» **WHAT NEEDS TO BE DONE**
Give back exactly the lines from the "for 150 yen." line to the final line of the records, and only those, minus any pictures.

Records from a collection
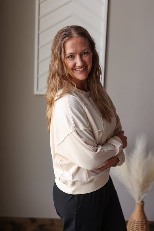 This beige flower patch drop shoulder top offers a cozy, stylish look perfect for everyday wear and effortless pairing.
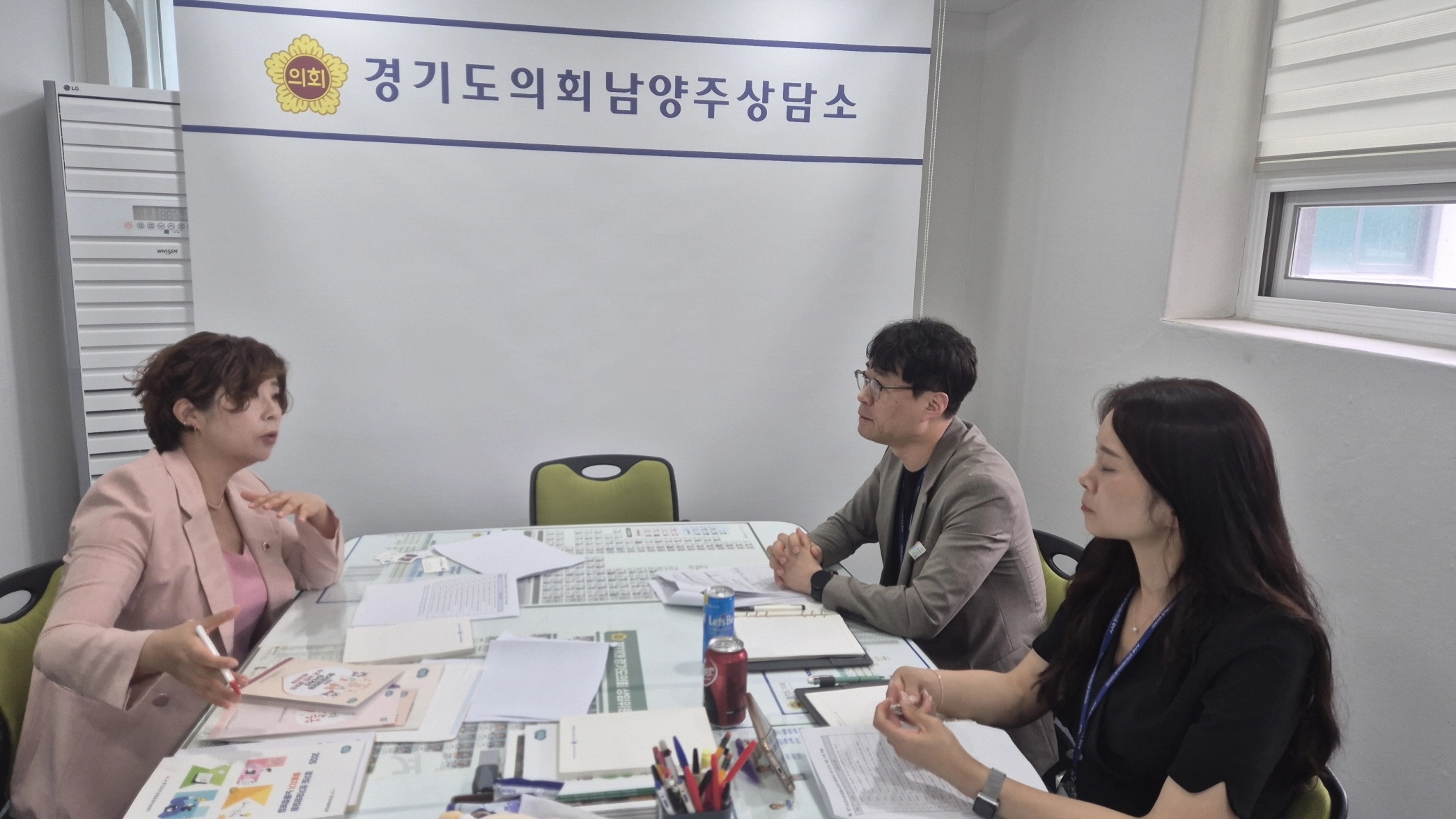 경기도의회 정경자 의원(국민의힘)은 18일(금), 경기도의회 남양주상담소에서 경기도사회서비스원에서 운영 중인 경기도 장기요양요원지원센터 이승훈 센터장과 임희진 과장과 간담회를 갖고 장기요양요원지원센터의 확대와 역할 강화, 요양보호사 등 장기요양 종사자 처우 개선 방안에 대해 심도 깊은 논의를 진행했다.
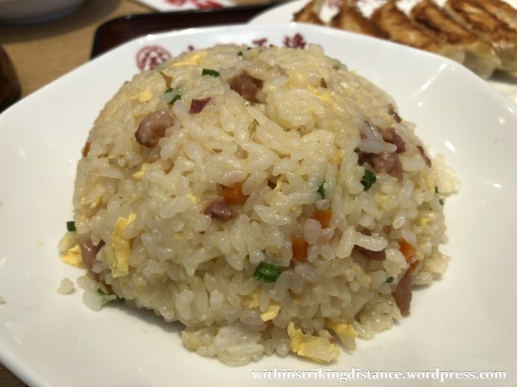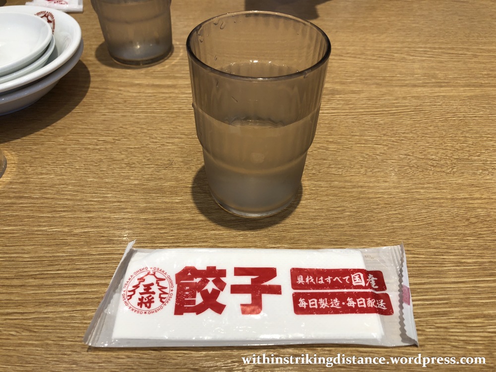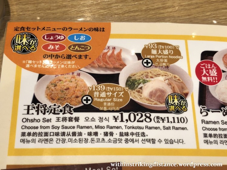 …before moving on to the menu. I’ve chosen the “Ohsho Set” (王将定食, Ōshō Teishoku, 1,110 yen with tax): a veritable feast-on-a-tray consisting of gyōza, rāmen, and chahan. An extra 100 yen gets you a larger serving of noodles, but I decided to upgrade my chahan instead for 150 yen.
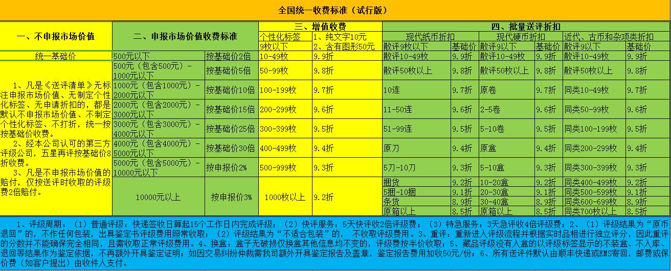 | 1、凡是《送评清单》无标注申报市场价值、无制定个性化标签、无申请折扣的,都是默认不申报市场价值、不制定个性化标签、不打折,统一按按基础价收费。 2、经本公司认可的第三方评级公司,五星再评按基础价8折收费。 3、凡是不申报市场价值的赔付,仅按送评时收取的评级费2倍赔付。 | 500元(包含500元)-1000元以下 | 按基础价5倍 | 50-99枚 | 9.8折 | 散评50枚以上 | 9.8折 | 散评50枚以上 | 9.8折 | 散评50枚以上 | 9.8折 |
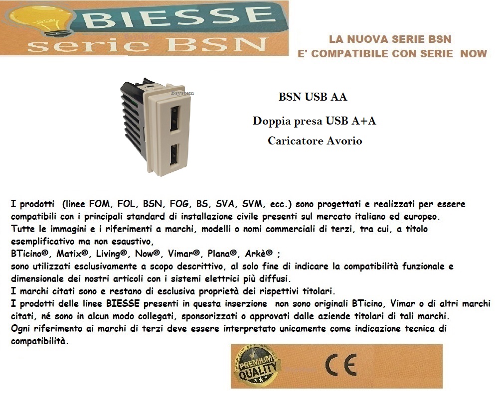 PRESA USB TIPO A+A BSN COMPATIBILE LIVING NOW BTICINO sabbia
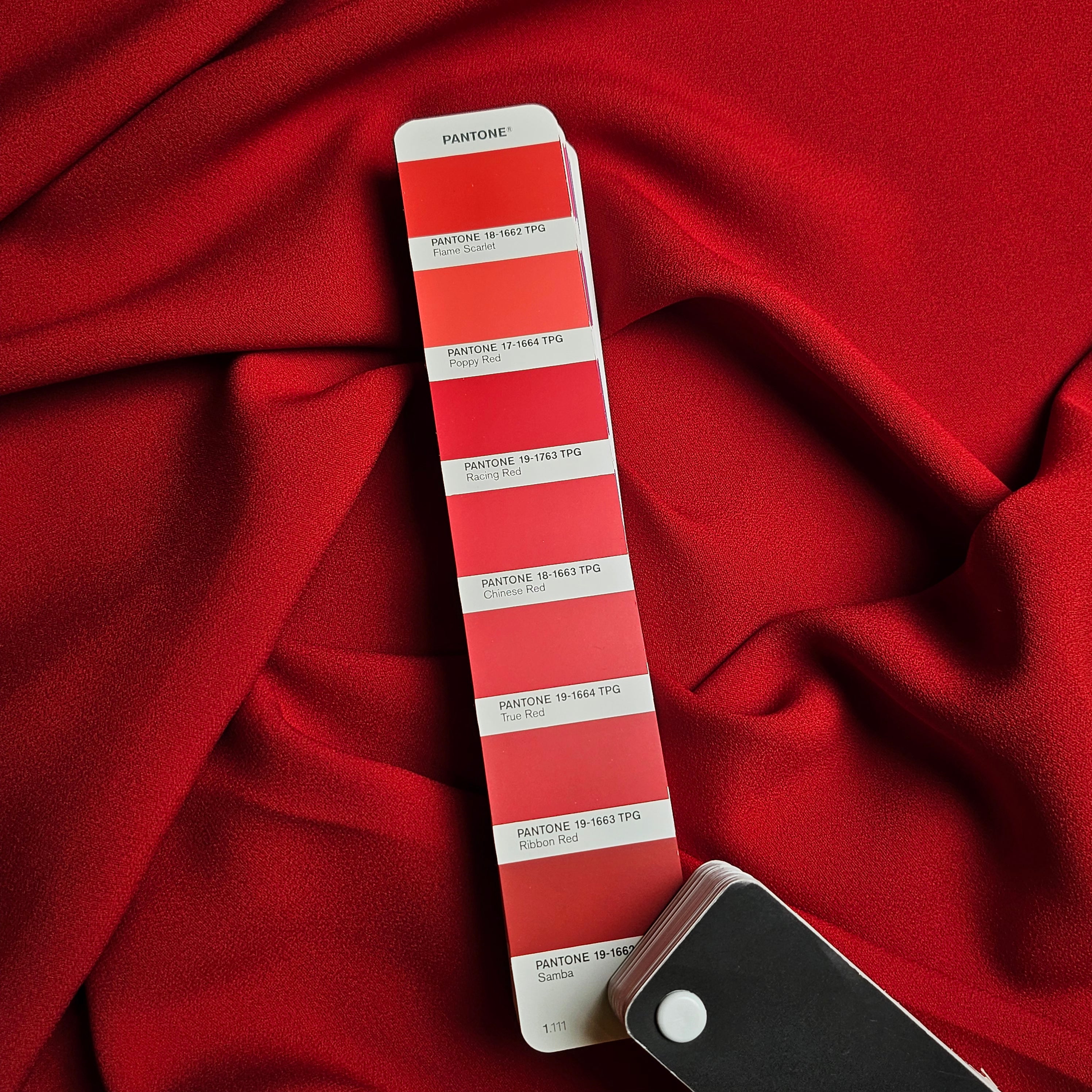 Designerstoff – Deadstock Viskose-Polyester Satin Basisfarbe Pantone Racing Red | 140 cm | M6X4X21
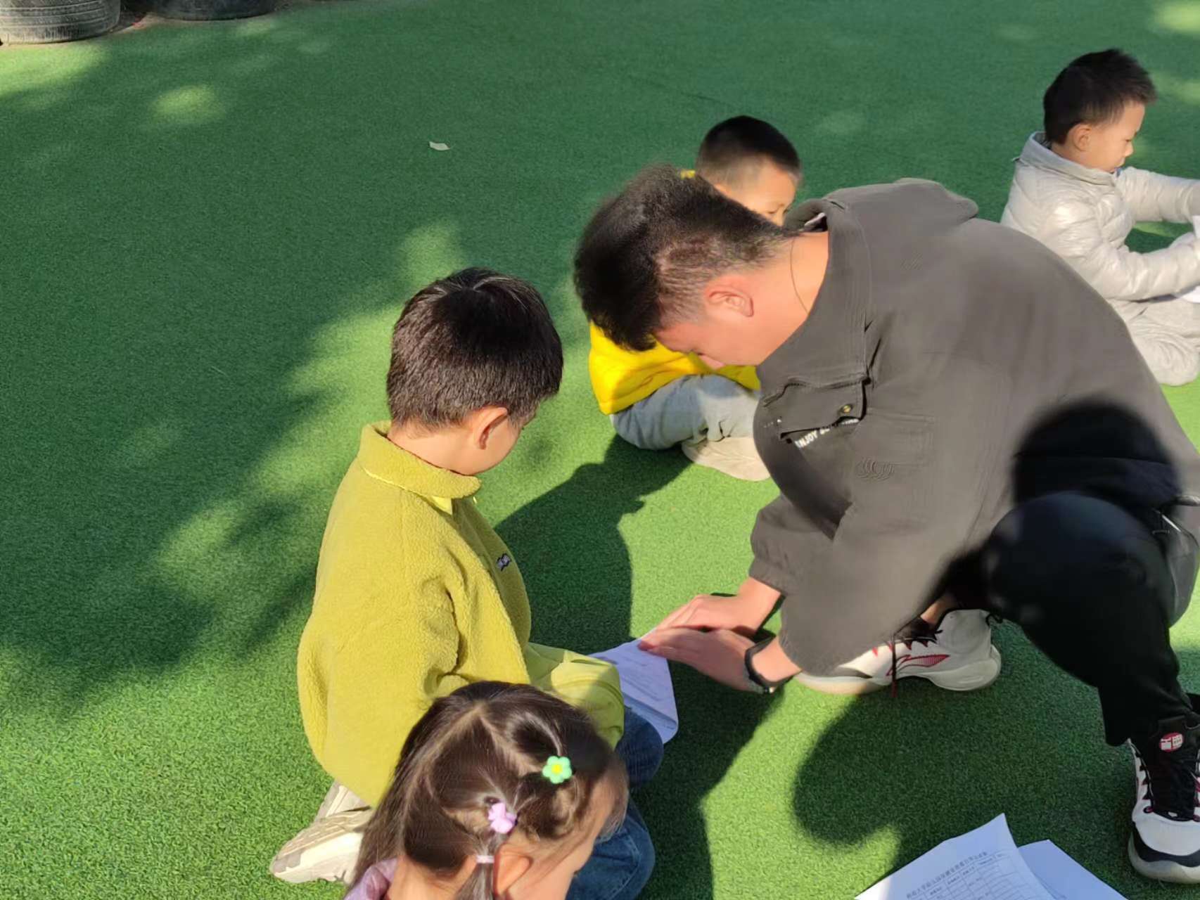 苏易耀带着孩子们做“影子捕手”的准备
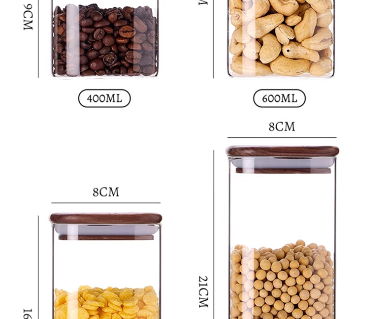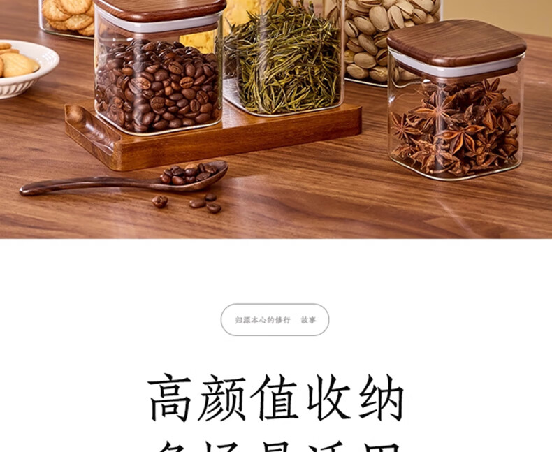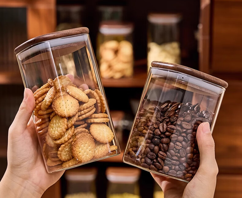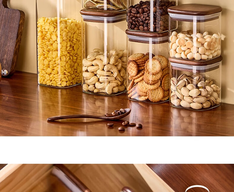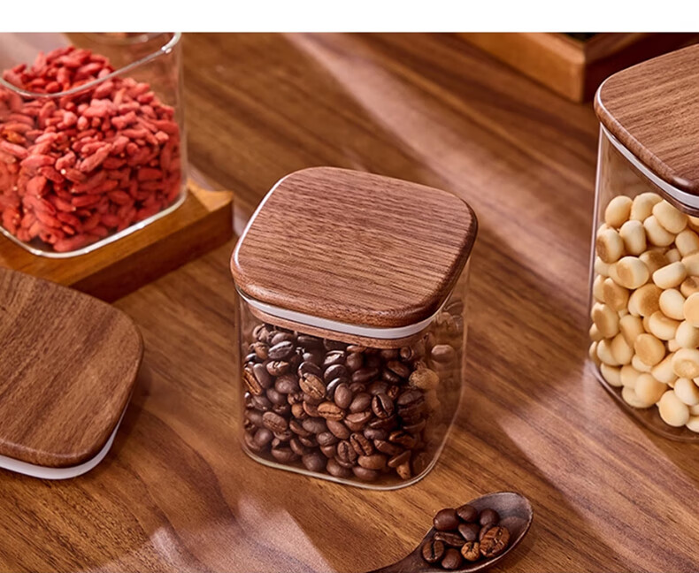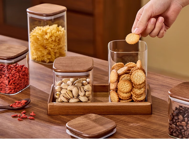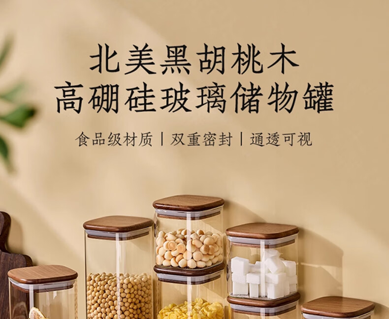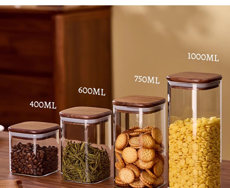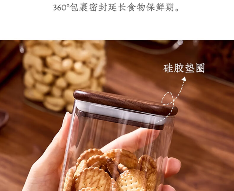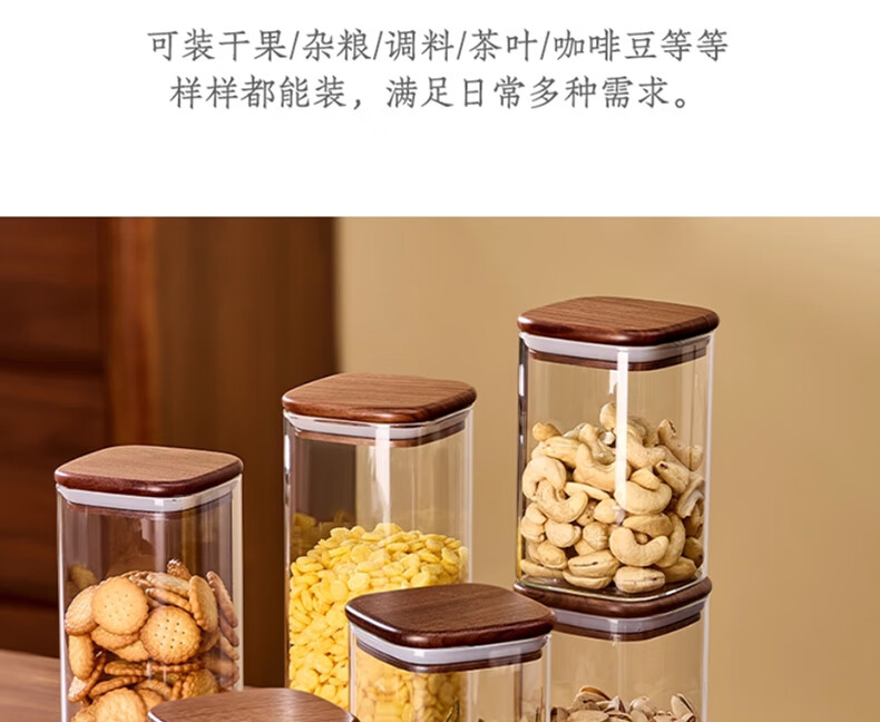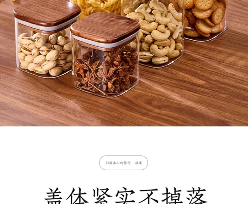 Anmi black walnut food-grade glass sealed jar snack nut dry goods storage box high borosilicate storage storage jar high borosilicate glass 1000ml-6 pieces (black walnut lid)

» **SOLVED PROBLEM**
 …before moving on to the menu. I’ve chosen the “Ohsho Set” (王将定食, Ōshō Teishoku, 1,110 yen with tax): a veritable feast-on-a-tray consisting of gyōza, rāmen, and chahan. An extra 100 yen gets you a larger serving of noodles, but I decided to upgrade my chahan instead for 150 yen.
 | 1、凡是《送评清单》无标注申报市场价值、无制定个性化标签、无申请折扣的,都是默认不申报市场价值、不制定个性化标签、不打折,统一按按基础价收费。 2、经本公司认可的第三方评级公司,五星再评按基础价8折收费。 3、凡是不申报市场价值的赔付,仅按送评时收取的评级费2倍赔付。 | 500元(包含500元)-1000元以下 | 按基础价5倍 | 50-99枚 | 9.8折 | 散评50枚以上 | 9.8折 | 散评50枚以上 | 9.8折 | 散评50枚以上 | 9.8折 |
 PRESA USB TIPO A+A BSN COMPATIBILE LIVING NOW BTICINO sabbia
 Designerstoff – Deadstock Viskose-Polyester Satin Basisfarbe Pantone Racing Red | 140 cm | M6X4X21
 苏易耀带着孩子们做“影子捕手”的准备
 Anmi black walnut food-grade glass sealed jar snack nut dry goods storage box high borosilicate storage storage jar high borosilicate glass 1000ml-6 pieces (black walnut lid)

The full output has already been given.